A simples dúvida sobre a possibilidade de recondução de Augusto Aras à chefia da Procuradoria-Geral da República causa espanto e suscita polêmica. Mais espantoso e polêmico, contudo, é o presidente Luiz Inácio da Silva não descartar de pronto a hipótese.
Por mais improvável que seu entorno palaciano diga que seja tal escolha, Lula deixa prosperarem os questionamentos a respeito como quem maneja um balão de ensaio. Não impõe um reparo sequer aos elogios de petistas importantes à trajetória e à conduta do procurador.
Afirma que conversará "com todos", inclusive com Aras, para se decidir sem pressa nem submissão a pressões, confirmando que não levará em conta a lista tríplice da associação nacional dos procuradores.

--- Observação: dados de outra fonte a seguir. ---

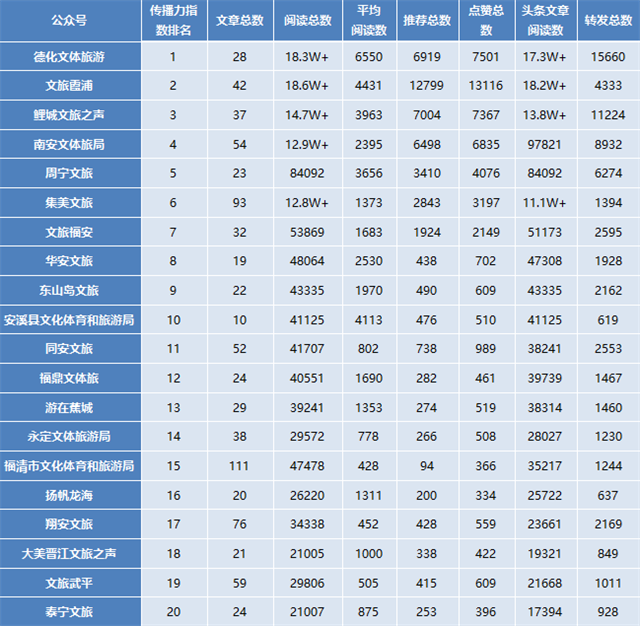 福建省各县(市、区)文化和旅游政务微信公众号10月传播力指数TOP20 监测结果显示,10月共有67个县级文化和旅游政务微信公众号在更新、发布新内容。综合各项传播数据,10月福建省各县(市、区)文化和旅游政务微信公众号传播影响力指数前20名依次是:德化文体旅游(泉州市德化县)、文旅霞浦(宁德市霞浦县)、鲤城文旅之声(泉州市鲤城区)、南安文体旅局(泉州南安市)、周宁文旅(宁德市周宁县)、集美文旅(厦门市集美区)、文旅福安(宁德福安市)、华安文旅(漳州市华安县)、东山岛文旅(漳州市东山县)、安溪县文化体育和旅游局(泉州市安溪县)、同安文旅(厦门同安区)、福鼎文体旅(宁德市福鼎市)、游在蕉城(宁德市蕉城区)、永定文体旅游局(龙岩市永定区)、福清市文化体育和旅游局(凯发k8福清市)、扬帆龙海(漳州市龙海区)、翔安文旅(厦门市翔安区)、大美晋江文旅之声(泉州晋江市)、文旅武平(龙岩市武平县)、泰宁文旅(三明市泰宁县)。 10月,福建省各县(市、区)文化和旅游政务微信公众号阅读总数最多的是文旅霞浦,阅读总量为18.6万余次;其次是德化文体旅游,有18.3万余次;阅读总量超过1万次的总共有36个微信公众号,阅读量5000至1万次的有11个微信公众号。 获得点赞次数最多的是文旅霞浦,有13116次;其次是德化文体旅游,有7501次;鲤城文旅之声第3,有7367次。 推荐总数最多的是文旅霞浦,有12799次;其次是鲤城文旅之声,有7004次;德化文体旅游第3,有6919次。 转发数最多的是德化文体旅游,有15660次;其次是鲤城文旅之声,有11224次;南安文体旅局排第3,有8932次。 福建省各县(市、区)文化和旅游政务新媒体传播力指数涵盖11个县级市、31个市辖区和42个县(含金门县)的文化和旅游行政部门官方微信公众号,评价维度包括整体传播力、篇均传播力、头条传播力和峰值传播力4个方面,权重分别为60%、20%、10%、10%。 福建省文化和旅游厅政务新媒体传播力指数(国内)研究由中国旅游报社、中国社会科学院中国舆情调查实验室和阿里巴巴集团共同组建的文旅产业指数实验室主导,联合清博智能、抖音、问卷网等新媒体与大数据联盟成员机构共同实施。

À primeira vista, essa dubiedade soa incoerente ante a declarada disposição do presidente de desmontar o instrumental do antecessor. Nele, Augusto Aras teve papel crucial. Arquivou a quase totalidade de casos que poderiam render problemas a Jair Bolsonaro, assim como o deputado Arthur Lira em sua indiferença à montanha de pedidos de impeachment apresentados à presidência da Câmara.
Um segundo olhar, porém, sinaliza a existência de sentido na ideia de que a sensibilidade de Augusto Aras para com interesses de governos independentemente do campo ideológico —como se vê na recente adaptação de procedimentos do procurador— seria um fator de segurança para o Planalto.
Se a mera possibilidade de recondução de um lado agride a coerência, de outro segue a lógica do gato escaldado que tem direcionado a conduta do presidente no critério para indicações ao Supremo Tribunal Federal e na abertura dos portos governamentais ao navio do centrão.
Natural que Lula reforce suas defesas, mas não é aceitável que cogite fazê-lo em prejuízo da função do Ministério Público de defesa da sociedade, cujos interesses nem sempre são os mesmos interessantes ao governo de turno.